Data from the Insolvency and Bankruptcy Board of India (IBBI) shows that as of September 2018, 212 cases have gone into liquidation. However, in 30 of these, the resolution value was greater than the liquidation value. This implies that in all these cases, the CoC decided to liquidate the firm, which would entail taking a greater haircut, rather than accept a higher offer by bidders.

Now, one could argue that driven by commercial interests, CoCs are best placed to make decisions. But as the NCLT order in this case suggests, it is possible that other issues may have outweighed commercial decisions.

One could also argue that if guidelines are framed to regulate the functioning of the CoCs it would ensure a relatively smoother and uniform functioning as members of COCs would know their obligation with respect to consideration of resolution applications and what the law expects of them.
“In some cases, the matters get escalated when the Adjudicating Authority (NCLT) or the Appellant Authority (NCLAT) is called to decide if the decision of CoC is valid or not. However, this can be prevented if guidelines are issued by the Regulator (IBBI) prescribing a bare minimum set of consideration that the CoC must follow before valid, viable resolution plans are rejected,” says Raajan.

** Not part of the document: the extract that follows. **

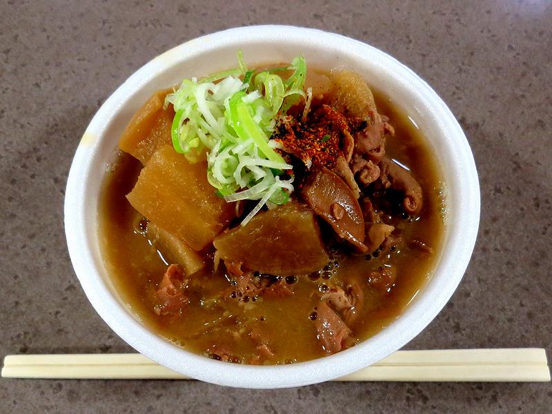 なので、目新しくなくて申し訳ないのですが、これを食べなきゃ福島競馬場に来た気がしないもので。で、毎回書いてますが、あっさりしつつもまろやかな味わいで、とろっと柔らかいモツ、そして心まで味の染みた大根がたまりませぬ。
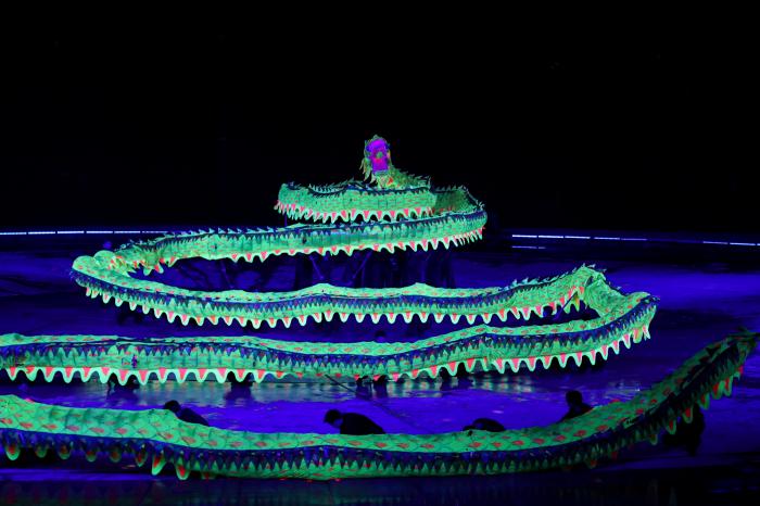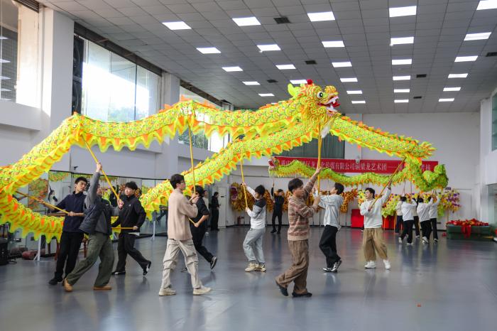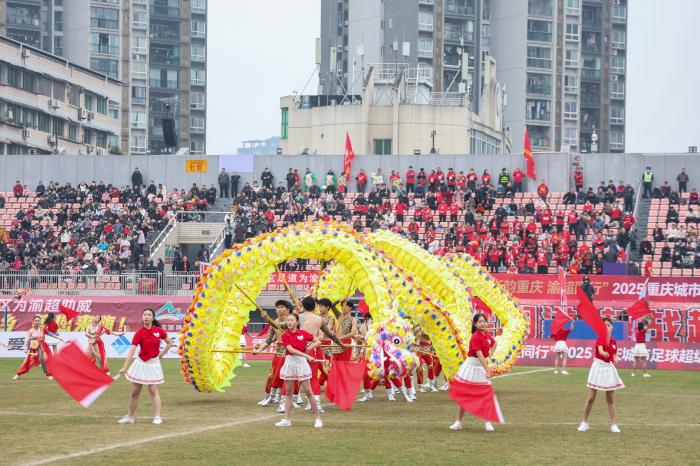 近年来,铜梁区深挖龙文化内涵,出台关于龙舞传承发展的系列政策,建立起国家、市、区和镇街四级名录保护体系,形成上百人的传承人梯队,全区每所中小学校均有舞龙队,开设龙舞特色课堂,为铜梁龙舞储备人才。12月6日,重庆铜梁龙艺术团竞技舞龙队队员在“渝超”赛场进行暖场表演。

“These guidelines are likely to bring a balance between the interests of financial creditor and the interests of the promoters/company to resolve the debts and restore operations. At present, minus such guidelines, the balance between resolution and liquidation is amiss,” he adds.

“Given that the Code is evolving in nature, while the direction to CoC to work out a ‘Standard Operating Procedure’ could help in maturing the working of the CoC, it would also be equally better to provide some judicial guidance in setting the basic rules of the game for CoC in this regard,” says Diwakar Maheshwari, dispute resolution partner, Khaitan & Co.

But as operational freedom of CoCs is critical to the insolvency process functioning, some fear that this order, coupled with recent amendments, may end up derailing this nascent process.

“Amendments to the IBC do not reflect the original philosophy of minimisation of the role of the state and judiciary. Instead, they have increased state and judicial involvement. Section 29A is a classic example. It has single-handedly generated enough litigation, helping the judiciary reclaim its lost turf,” says Pratik Datta, a researcher at the National Institute of Public Finance and Policy.

“Now, the judiciary is asking for more state involvement. For instance, NCLT Chennai has recently suggested that the state should lay down standard operating procedure for the CoC. Therefore, it seems like we are slowly creeping back to the pre-IBC regime of more and more state and judicial involvement in the insolvency process,” he adds. 

Last week, the Supreme Court is reported to have observed that operational creditors should get a say in CoCs and should also get voting rights proportional to the debt owed to them.